Date: Mar 25, 2022

Time: 14:00 - 15:00

Location: over Zoom

DSRC Seminar | On the Bias Problems in Few-shot Learning

Abstract:  
Few-shot image classification aims to quickly adapt neural networks to new classification tasks with a few shots, where a distribution shift in categories, domains or class granularities usually appears. This task distribution shift brings a research problem of how to deal with knowledge transfer between the support classes and the query class. In this talk, I will introduce several recent researches for few-shot learning. Firstly, we observe that knowledge learned from image background at training may be harmful for few-shot evaluation at test time. This finding identifies an important characteristic of few-shot classification that distinguishes itself from normal classification tasks. To alleviate the bias introduced by the backgrounds, we design a framework called COSOC. Secondly, we discuss the channel bias problem in image representations that exists in task distribution shift at test-time. We present algorithms to solve these feature bias problems, which correct the biased representations of a given test image by exploiting useful information of the class in the training set that is most relevant to the test image.

Bio:
Dr. Zenglin Xu is a professor at Harbin Institute of Technology Shenzhen and he is also affiliated with Peng Cheng Lab.
He received the Ph.D. degree in computer science and engineering from the Chinese University of Hong Kong.

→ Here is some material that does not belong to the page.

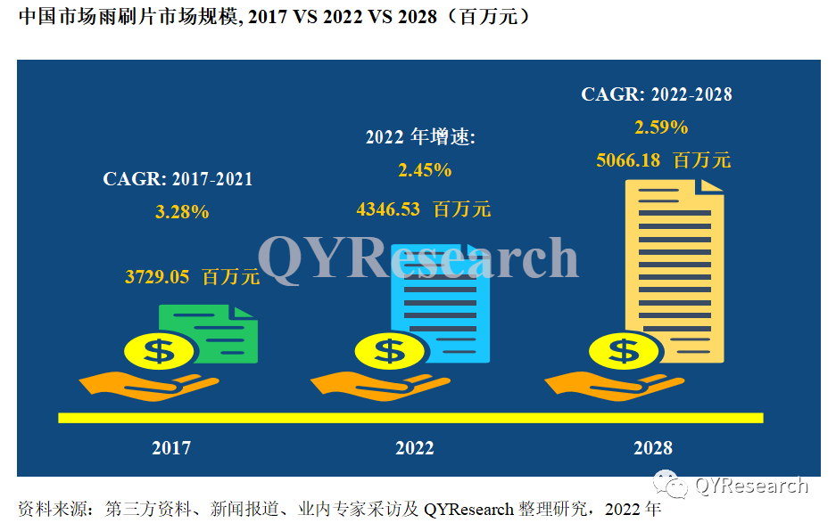 2021年中国雨刷片市场规模达到了42.42亿元,预计2028年将达到50.66亿元,年复合增长率(CAGR)为2.59%。汽车受到宏观经济环境和居民消费意愿的影响较大,2022年中国前七个月汽车产量增长0.89%,这些因素给汽车产业链的发展带来了不确定性。如果未来汽车行业出现明显下滑,会导致前装雨刷片总需求下降,与此同时加剧行业恶性竞争。

He has been working at Michigan State University, Cluster of Excellence at Saarland University and Max Planck Institute for Informatics, Purdue University, and University of Electronic Science and Technology of China.
Dr. Xu’s research interests include machine learning and its applications in computer vision, natural language processing, and health informatics. He is a board of governor of INNS. He currently serves as an associate editor to Neural Networks and Neurocomputing. He is the recipient of the outstanding student paper honorable mention of AAAI 2015, the best student paper runner up of ACML 2016, and the 2016 young researcher award from APNNS.